The problem of transient protein-organelle interactions within the secretory pathway can be addressed by GFP-tagging and subcellular localization in living cells. Light-microscopy of cells expressing GFP-tagged markers provides excellent resolution and sensitivity, and can, in principle, monitor even very transient localizations lasting only seconds. Many examples of functionally significant transient interactions in the secretory pathway are known (see, for example, [17-19]). Indeed, proteins shown to interact with components of the secretory pathway in those experiments (p150glued [17], γ-BAR [18], and the PICTAIRE kinases [19]) were not found by Gilchrist et al. [13] to be associated with any of their fractions. This shows that approaches that can also reveal transient interactions with membranes of the secretory pathway are essential if the secretome is to be completely defined.
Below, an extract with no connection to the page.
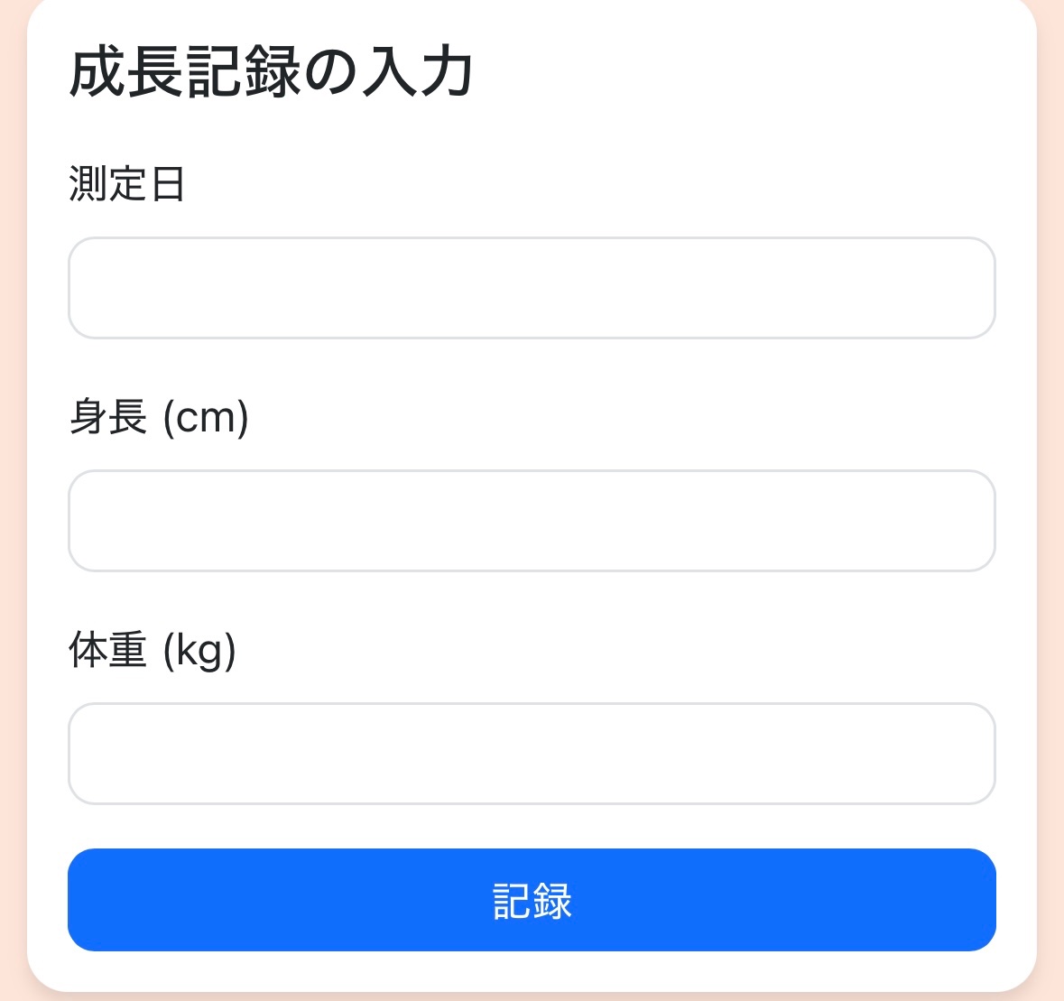 成長記録の新規作成画面

Having defined the essential secretome components, the next step will be to go beyond basic localization studies and map these proteins to the organelles in which they function. Live-cell imaging of GFP-tagged proteins can provide sufficient spatial and temporal resolution but is, unfortunately, still limited in throughput (reviewed in [20]). Although simple cellular morphological changes can be monitored by time-lapse microscopy in a high-throughput manner [21], and sophisticated image-analysis technologies have become available to accurately determine subcellular localization (reviewed in [22]), large-scale quantitative mapping of the GFP-tagged proteins to specific organelles is still not possible, as it requires the acquisition of image data in three dimensions, which is a slow process.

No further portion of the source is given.